For horizontal and vertical motion we need S_3 = S_4, or for a 2 \pi \times \text{integer} difference in the absolute values of the sine arguments

\begin{aligned}\pm ( a (q_x + q_y) /2 ) = a (q_y - q_y) /2 + 2 \pi n.\end{aligned} \hspace{\stretch{1}}(1.0.22.22)

That is, one of

\begin{aligned}\begin{aligned}q_x &= \frac{2 \pi}{a} n \\ q_y &= \frac{2 \pi}{a} n\end{aligned}\end{aligned} \hspace{\stretch{1}}(1.0.22.22)

In the first BZ, that is one of q_x = 0 or q_y = 0.

System in rotated coordinates

On the exam, where we were asked to solve for motion along the cross directions explicitly, there was a strong hint to consider a rotated (by \pi/4) coordinate system.

The rotated the lattice basis vectors are \mathbf{a} = a \mathbf{e}_1, \mathbf{b} = a \mathbf{e}_2, and the projection matrices. Writing \hat{\mathbf{r}} = \mathbf{f}_1 and \hat{\mathbf{s}} = \mathbf{f}_2, where \mathbf{f}_1 = (\mathbf{e}_1 + \mathbf{e}_2)/\sqrt{2}, \mathbf{f}_2 = (\mathbf{e}_2 - \mathbf{e}_1)/\sqrt{2}, or \mathbf{e}_1 = (\mathbf{f}_1 - \mathbf{f}_2)/\sqrt{2}, \mathbf{e}_2 = (\mathbf{f}_1 + \mathbf{f}_2)/\sqrt{2}. In the \{\mathbf{f}_1, \mathbf{f}_2\} basis the projection matrices are

\begin{aligned}\hat{\mathbf{a}} \hat{\mathbf{a}}^\text{T} = \frac{1}{{2}}\begin{bmatrix}1 \\ -1\end{bmatrix}\begin{bmatrix}1 & -1\end{bmatrix}= \frac{1}{{2}} \begin{bmatrix}1 & -1 \\ -1 & 1\end{bmatrix}\end{aligned} \hspace{\stretch{1}}(1.0.25a)

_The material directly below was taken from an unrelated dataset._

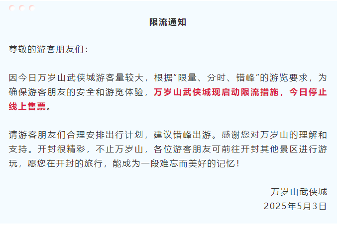 您的當(dāng)前位置:網(wǎng)站首頁 > 出行資訊 > >開封萬歲山啟動(dòng)限流措施,今日停止線上售票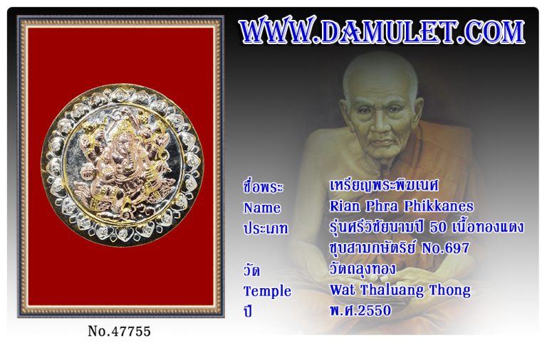 เหรียญพระพิฆเนศ วัดถลุงทอง พ.ศ.2550

\begin{aligned}\hat{\mathbf{b}} \hat{\mathbf{b}}^\text{T} = \frac{1}{{2}}\begin{bmatrix}1 \\ 1\end{bmatrix}\begin{bmatrix}1 & 1\end{bmatrix}= \frac{1}{{2}} \begin{bmatrix}1 & 1 \\ 1 & 1\end{bmatrix}\end{aligned} \hspace{\stretch{1}}(1.0.25b)

\begin{aligned}\hat{\mathbf{r}} \hat{\mathbf{r}}^\text{T} = \begin{bmatrix}1 & 0 \\ 0 & 0\end{bmatrix}\end{aligned} \hspace{\stretch{1}}(1.0.25c)

\begin{aligned}\hat{\mathbf{s}} \hat{\mathbf{s}}^\text{T} = \begin{bmatrix}0 & 0 \\ 0 & 1\end{bmatrix}\end{aligned} \hspace{\stretch{1}}(1.0.25d)

The dot products that show up in the squared sines are

\begin{aligned}\mathbf{a} \cdot \mathbf{q}=a \frac{1}{{\sqrt{2}}} (\mathbf{f}_1 - \mathbf{f}_2) \cdot (\mathbf{f}_1 k_u + \mathbf{f}_2 k_v)=\frac{a}{\sqrt{2}} (k_u - k_v)\end{aligned} \hspace{\stretch{1}}(1.0.26a)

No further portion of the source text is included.